There's also relevant context: OpenAI shut down Sora on March 24, 2026. Inference costs were running $15 million a day, and the GPU resources freed up from that shutdown are believed to have been redirected to GPT-Image-2 training and inference.
Getting Started
GPT-Image-2 isn't officially out yet, but some ChatGPT users are reportedly getting it through A/B testing. Here's what you can do right now.
How to check if you're on GPT-Image-2
Add "Format 16:9" at the end of your prompt. If you get a 16:9 wide image with sharp text and no yellow tint, you're on the new model.
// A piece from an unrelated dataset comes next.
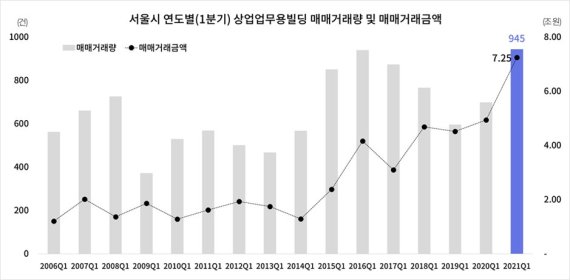 [파이낸셜뉴스] 종합부동산정보플랫폼 부동산플래닛은 올해 1·4분기 서울 상업 업무용 빌딩 거래는 총 945건, 매매거래 금액 7조2537억원을 기록했다고 29일 밝혔다.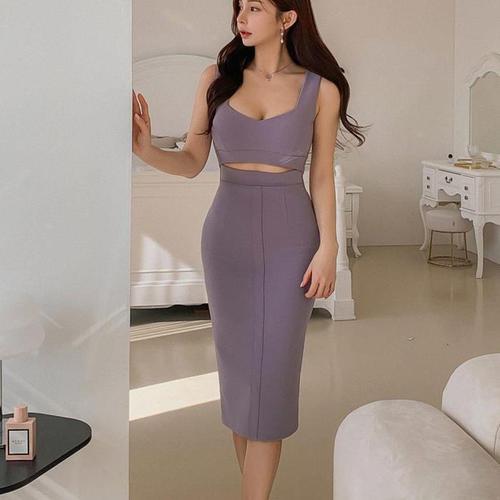 [신상오픈런]배꼽 하트넥 슬림핏 타이트 컷아웃 뷔스티에원피스 (30321878)

- Keep generating complex images
Generate text-heavy posters, infographics, or UI screenshots in ChatGPT Images 5–15 times in a row. This reportedly increases your odds of being routed to the new model. - Prep your text-rendering use cases
Line up the tasks where text accuracy matters most: product mockups, social media cards, presentation slides. - Run your own benchmark
Use the same prompts across Nano Banana Pro, Midjourney V7, and Ideogram 3.0 to feel the difference firsthand. - Plan for the API launch
GPT-Image-1.5 runs $0.133 per high-quality 1024×1024 image via API. Given the new architecture, GPT-Image-2 may land slightly higher — around $0.15–0.20.
Competitive Landscape at a Glance
| Model | Key Strength | vs. GPT-Image-2 |
|---|---|---|
| Nano Banana Pro | Google compute, early-mover advantage | Came out behind GPT-Image-2 in multiple blind tests |
| Midjourney V7 | Artistic style, strong community | Trails on photorealism and text rendering |
| FLUX Pro | Open-source, local deployment | Gap in world knowledge and complex scene handling |
| Ideogram 3.0 | Specialized in text rendering | GPT-Image-2 leads on overall capability, not just text |
Deep Dive Resources
How LM Arena Blind Testing Works
LM Arena is a platform where users compare two outputs without knowing which model made them. Because Elo scores are based on pure performance — no marketing, no branding — a high score here is real validation. OpenAI used the same approach in December 2025, testing GPT-Image-1.5 under the codenames Chestnut and Hazelnut before releasing it.
Sora's Shutdown and the GPU Reallocation
Sora shut down in March 2026, with peak inference costs hitting $15 million a day. Total in-app revenue over its entire lifetime? Just $2.1 million. Sam Altman said OpenAI would redirect compute toward next-gen automation research and enterprise applications — and GPT-Image-2 looks like one of the primary beneficiaries.
Multilingual Text Rendering
Turkish-speaking users tested GPT-Image-2's ability to render non-Latin characters and reported a noticeable improvement over previous models. Similar gains are expected for Korean, Arabic, and other scripts.